Taxpayers are paying for this ruse. “According to the Midwest Center for Investigative Reporting, taxpayer subsidies for crop insurance averaged $3.1 billion annually between 2000-2006, but have more than doubled to an average of $7.6 billion for 2007-2012. Much of the fiscal bleeding has resulted from what's called a ‘harvest price option,’ an insurance option that compensates farmers for the revenue they missed when prices skyrocket amid climate-related scarcity. In the extreme weather since 2009 costs have tripled overall, rising every year from about $4.8 billion to the record high of more than $13 billion in 2012, according to Patrick Westhoff of the University of Missouri's Food and Agricultural Policy Research Institute
“Based on USDA data, if the current version of the farm bill were extended ten years into the future, even without expansions under debate, crop insurance would cost $8.41 billion per year, or $84.1 billion total, according to Jim Langley of the Congressional Budget Office. With the expansions the projected costs rise to about $99 billion. And that figure does not account for recent climate-related impacts on crop yields, including the drought of 2011 and 2012 in Texas and the Midwest.” Mother Jones.

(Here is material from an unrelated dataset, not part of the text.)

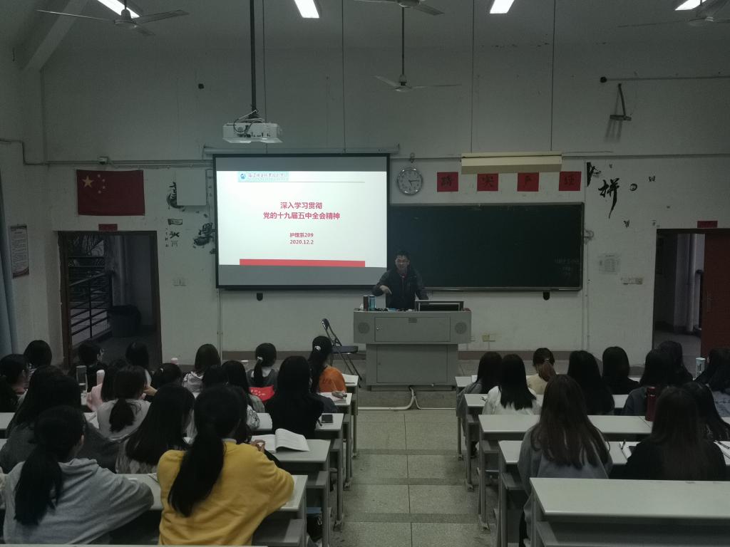 為學(xué)習(xí)和貫徹黨的十九屆五中全會(huì)精神,2020年12月2日下午,馬克思主義學(xué)院江洪老師在護(hù)理系209教室給“五結(jié)對(duì)”班級(jí)19助產(chǎn)302班宣講黨的十九屆五中全會(huì)精神。

With harsh times comes a slow degradation of the farmland itself. These practices can’t work forever, and banks are sitting in the background ready to foreclose. Unfortunately, the banks will then be stuck with this parched and barren land, the system won’t get better… and the farmers will be decimated. And even if a blessed rain were to fall, the land and the process are just not the same. “Even if the rain came, it would have been extremely difficult to produce a crop with the conventional seed the farmers planted. That's because it would have required old-fashioned weeding—spraying Roundup would have taken out the plants along with the weeds—and these farms were mostly too big for that. They would have had a hard time summoning up the old hoeing crews from the pre-biotech days.
“‘We used to have migrant crews that would come in and take care of the weed problem,’ says [Louis Addison, an agent with Adams Crop Insurance in Lamesa, TX], ‘but the GM seeds have basically done away with that. It makes it very difficult on the farmer, you're almost pushed into this GM seed deal because it's about the only way to farm anymore.’” Mother Jones.

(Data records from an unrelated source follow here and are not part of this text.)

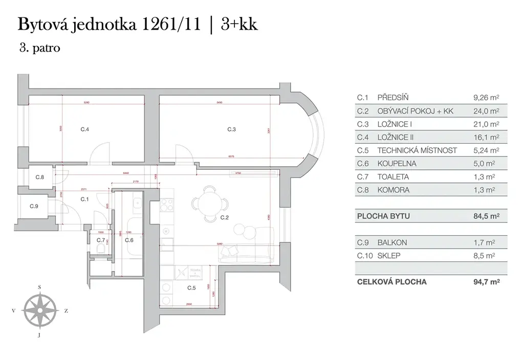 Dispozice bytu 3+kk:
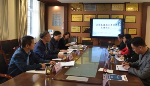 考核組成員聽取學(xué)校負(fù)責(zé)人匯報(bào)
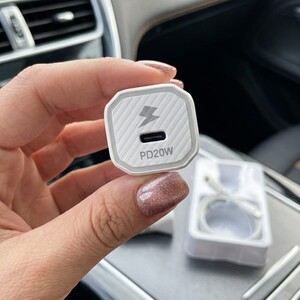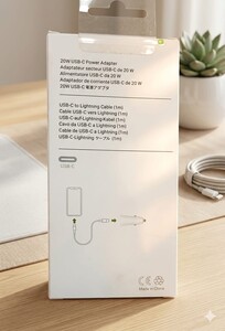 محتوى العلبة: رأس الشاحن + كابل USB-C إلى Lightning بطول 1 متر.

As the bi-partisan Congressional budget committee talks lumber forward, farm legislation is one of those “entitlements” that farm state conservatives don’t want to touch. Since it’s called “insurance,” that is a loophole that can keep these subsidies in place while Medicare, Social Security, food stamps, Medicaid and other “entitlements” less hidden by name are on the block. We’ve destroyed our educational system, over-promised workers with defined benefit contribution pension benefits that we really cannot deliver, our infrastructure is crumbling and the government-funded research that could lead to new hi-tech jobs we so desperately need.
Yes there’s a role for government in making our lives better. It not about meat-axe removal of government functions… it’s about figuring out how to have a government that actually works and benefits most of us. Focus on leveling the playing field, taking away the slant that only benefits the top of the economic ladder. Focus on taking care of all of the people who need help. Amen.
I’m Peter Dekom, and we either make government work for most of us or we will continuing killing the democratic institutions that made the United States the greatest nation on earth.